Rising Floods for Basement Apartment Dwellers – Home, Interrupted

Feet in Two Words: When Venezuelan migrant Bibiane Chamorro woke up on September 1st, 2021, at first, she thought she was dreaming.

She had gone to bed at 9 p.m. with her husband, Mario, so she could get up at 4 a.m. for her job as a housekeeper. But in the middle of the night, she woke to the sound of her little dog, Lily, splashing around. When she opened her eyes, she realized their basement apartment had started to fill with water.

 “The water come [sic] so fast, all through the walls, the, the door. It was very, very fast,” said Bibiane. “My husband say [sic], eh, wake up. Wake up…We are going to die here.”

Bibiane grabbed Lily and started to wade towards the exit. But the water rose so high that she had to start swimming. Then, moments from the exit, she hit her head on the ceiling and began to drown. Her husband had to swim back, grab her, and pull her out of the apartment.

Bibiane, Mario, and Lily all survived the night of Hurricane Ida. But 11 other basement tenants didn’t.

Three years after Ida, in 2024, it’s estimated that over 100,000 people are currently living in New York’s basement apartments, many of them migrants. These units can give new arrivals a way to get into homes and out of city-sponsored shelters. But they can also be dangerous—part of an underregulated, nebulous ecosystem that lives at the nexus of three overlapping crises.
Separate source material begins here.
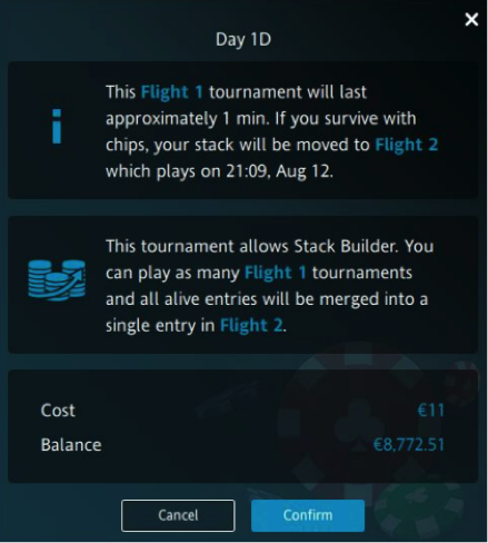 ▪ Если для турнира Flight предусмотрены события «День 1» с мульти-входом и функцией Stack Builder, игроки могут участвовать несколько раз в турнирах «День 1» и пройти в турнир «День 2» с суммой фишек со всех квалификаций турниров «День 1».
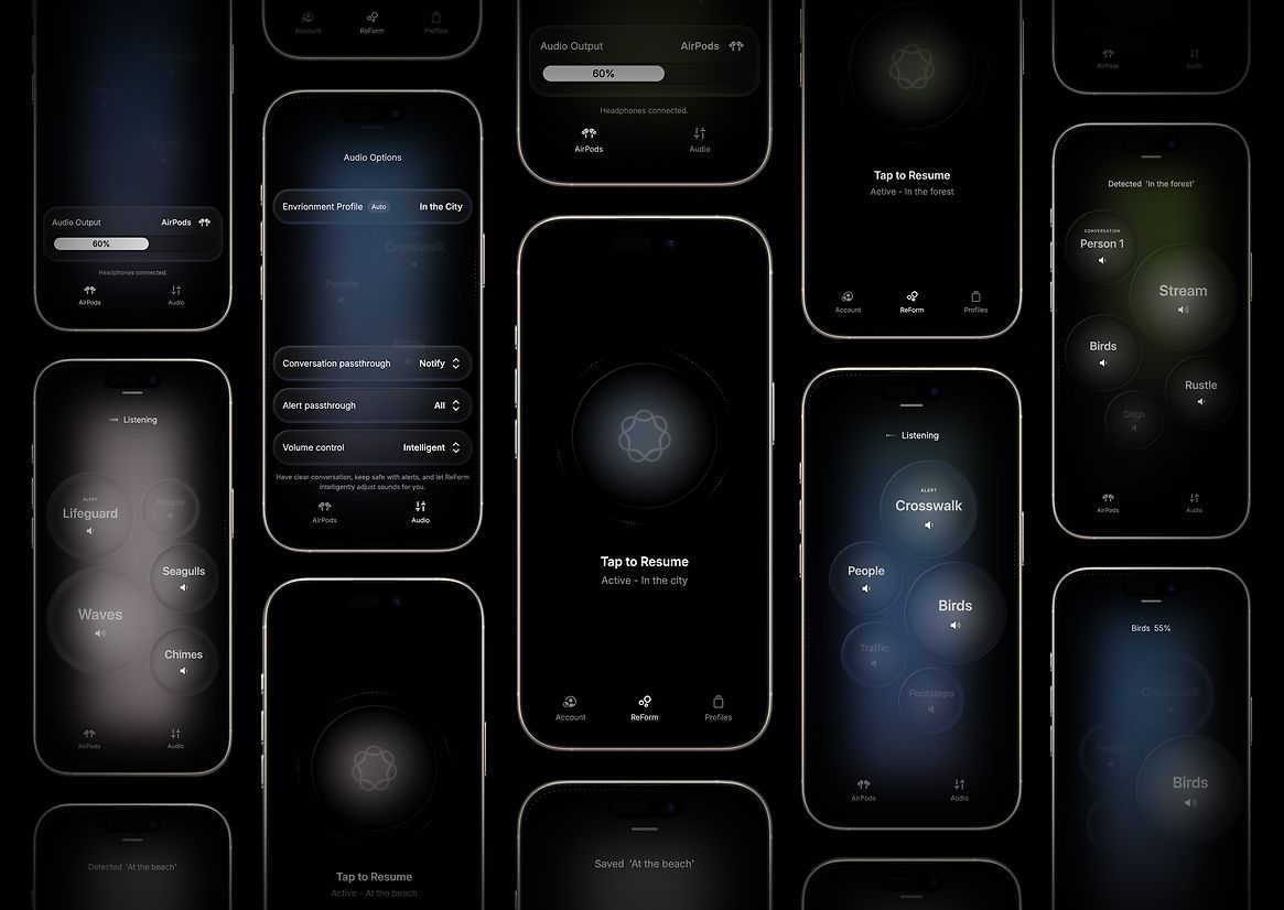 With just a mobile device and a pair of headphones, ReForm uses advanced machine learning to listen to your environment and separate individual sounds in real time. These sounds appear as soft bubbles you can tap, hold, and drag to mute or amplify. Over time, ReForm learns from your actions, building environment profiles that adjust automatically as you move from one place to another. The more you use it, the less you have to think about it.

New York is in the middle of a housing crisis, with the average one-bedroom in Manhattan currently costing over $4,000. A majority of New Yorkers are currently rent-burdened and, despite the city’s attempts to address affordability, housing is at its lowest level of vacancy since 1968.

The city’s also in the midst of a migrant crisis. Over 100,000 asylum-seekers arrived in New York in 2023. Political and electoral posturing from border leaders like Texas Governor Greg Abbott meant new arrivals continued to be bussed into the city well into the winter of last year, straining city services and causing Mayor Eric Adams to implement 60- to 90-day shelter limits for new arrivals.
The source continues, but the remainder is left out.